[INSTRUCTIONS TO FOLLOW] Report each line of the data that contains the string "This".
::: DATA TO PROCESS :::
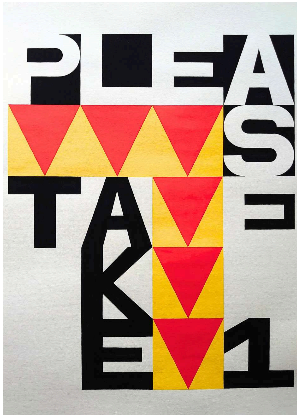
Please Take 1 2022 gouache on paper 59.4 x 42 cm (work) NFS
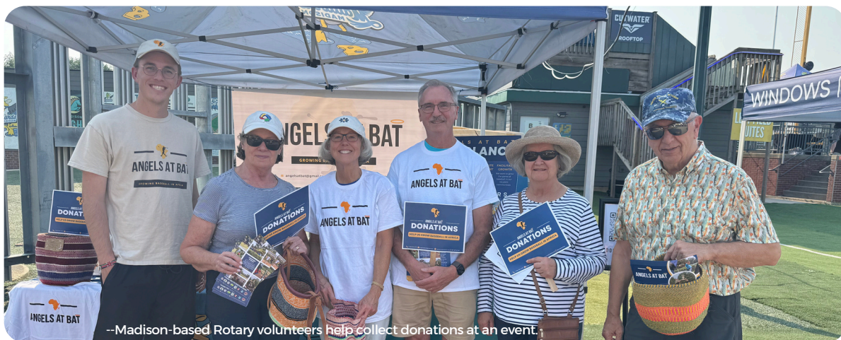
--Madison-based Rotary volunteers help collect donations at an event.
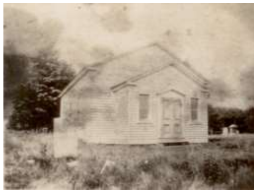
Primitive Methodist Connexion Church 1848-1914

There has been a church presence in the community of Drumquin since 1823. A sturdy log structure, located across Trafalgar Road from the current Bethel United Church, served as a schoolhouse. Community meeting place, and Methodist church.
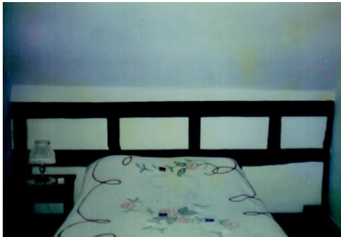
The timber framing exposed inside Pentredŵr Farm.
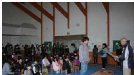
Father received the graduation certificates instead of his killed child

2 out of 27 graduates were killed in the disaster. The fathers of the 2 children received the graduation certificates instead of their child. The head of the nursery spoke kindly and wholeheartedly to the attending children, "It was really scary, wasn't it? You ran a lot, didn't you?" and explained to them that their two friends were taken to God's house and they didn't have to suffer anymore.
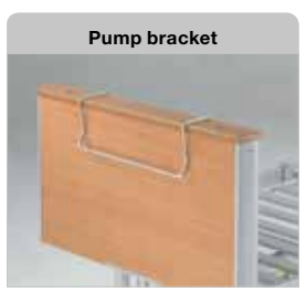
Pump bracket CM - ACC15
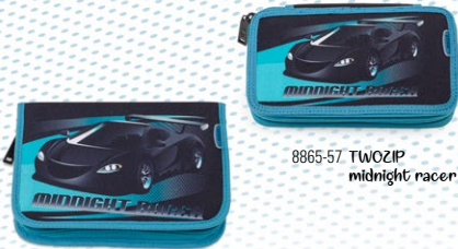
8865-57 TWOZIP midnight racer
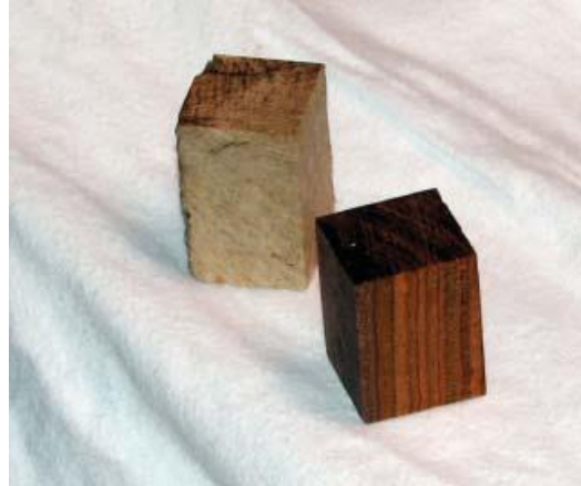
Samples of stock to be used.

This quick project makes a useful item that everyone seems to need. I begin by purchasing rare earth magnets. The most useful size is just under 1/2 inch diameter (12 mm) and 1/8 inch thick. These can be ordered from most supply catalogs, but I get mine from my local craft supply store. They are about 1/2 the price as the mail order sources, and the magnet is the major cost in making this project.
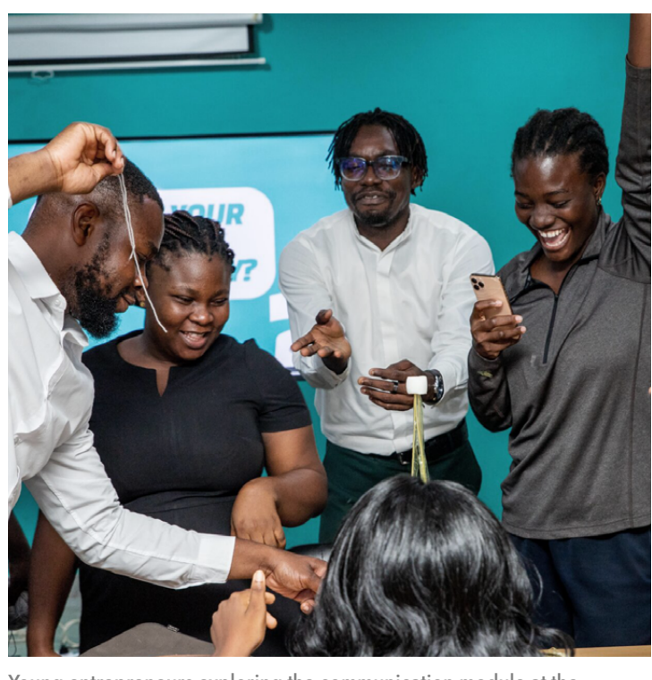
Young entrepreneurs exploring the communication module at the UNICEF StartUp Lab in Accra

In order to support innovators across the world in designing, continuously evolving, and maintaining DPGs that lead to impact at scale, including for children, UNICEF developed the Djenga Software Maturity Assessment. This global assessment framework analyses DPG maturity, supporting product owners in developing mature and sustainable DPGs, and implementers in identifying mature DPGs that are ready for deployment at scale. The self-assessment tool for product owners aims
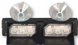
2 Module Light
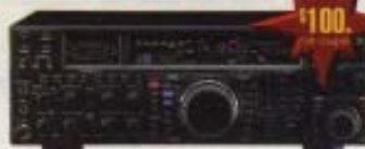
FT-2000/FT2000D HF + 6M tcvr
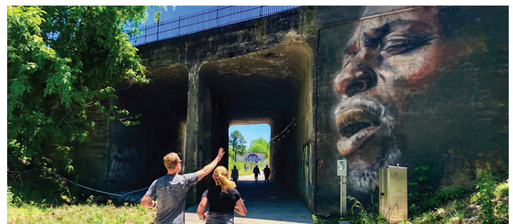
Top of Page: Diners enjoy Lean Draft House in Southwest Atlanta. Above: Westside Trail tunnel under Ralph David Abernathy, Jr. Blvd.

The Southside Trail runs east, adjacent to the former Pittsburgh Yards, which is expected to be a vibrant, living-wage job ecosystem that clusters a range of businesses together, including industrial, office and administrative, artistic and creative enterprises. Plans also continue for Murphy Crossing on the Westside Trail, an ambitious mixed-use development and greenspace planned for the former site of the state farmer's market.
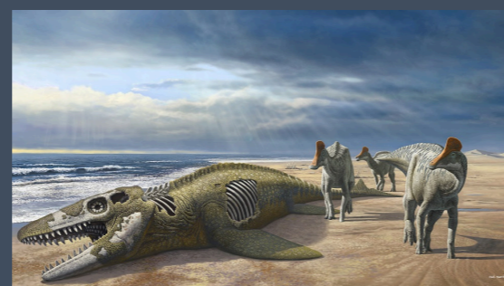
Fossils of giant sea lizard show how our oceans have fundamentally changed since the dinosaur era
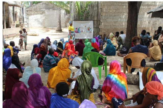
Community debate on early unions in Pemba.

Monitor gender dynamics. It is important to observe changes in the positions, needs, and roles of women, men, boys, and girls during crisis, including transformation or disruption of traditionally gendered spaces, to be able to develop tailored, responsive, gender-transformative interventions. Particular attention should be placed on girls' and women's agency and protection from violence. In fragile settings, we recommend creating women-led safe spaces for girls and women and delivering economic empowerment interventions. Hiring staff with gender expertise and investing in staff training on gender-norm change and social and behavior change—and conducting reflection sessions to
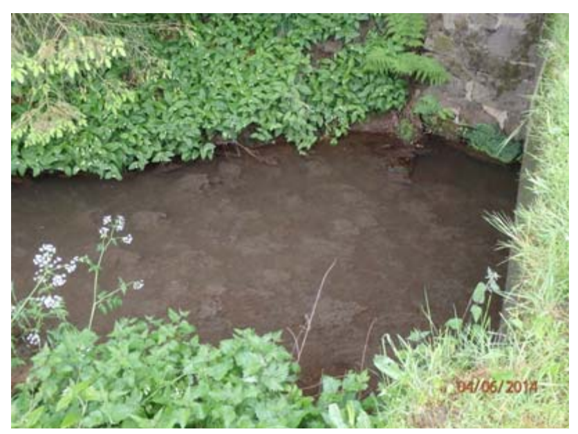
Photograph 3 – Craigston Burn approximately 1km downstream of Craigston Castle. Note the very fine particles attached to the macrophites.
:::
[EXERCISE OUTPUT]
This quick project makes a useful item that everyone seems to need. I begin by purchasing rare earth magnets. The most useful size is just under 1/2 inch diameter (12 mm) and 1/8 inch thick. These can be ordered from most supply catalogs, but I get mine from my local craft supply store. They are about 1/2 the price as the mail order sources, and the magnet is the major cost in making this project.
In order to support innovators across the world in designing, continuously evolving, and maintaining DPGs that lead to impact at scale, including for children, UNICEF developed the Djenga Software Maturity Assessment. This global assessment framework analyses DPG maturity, supporting product owners in developing mature and sustainable DPGs, and implementers in identifying mature DPGs that are ready for deployment at scale. The self-assessment tool for product owners aims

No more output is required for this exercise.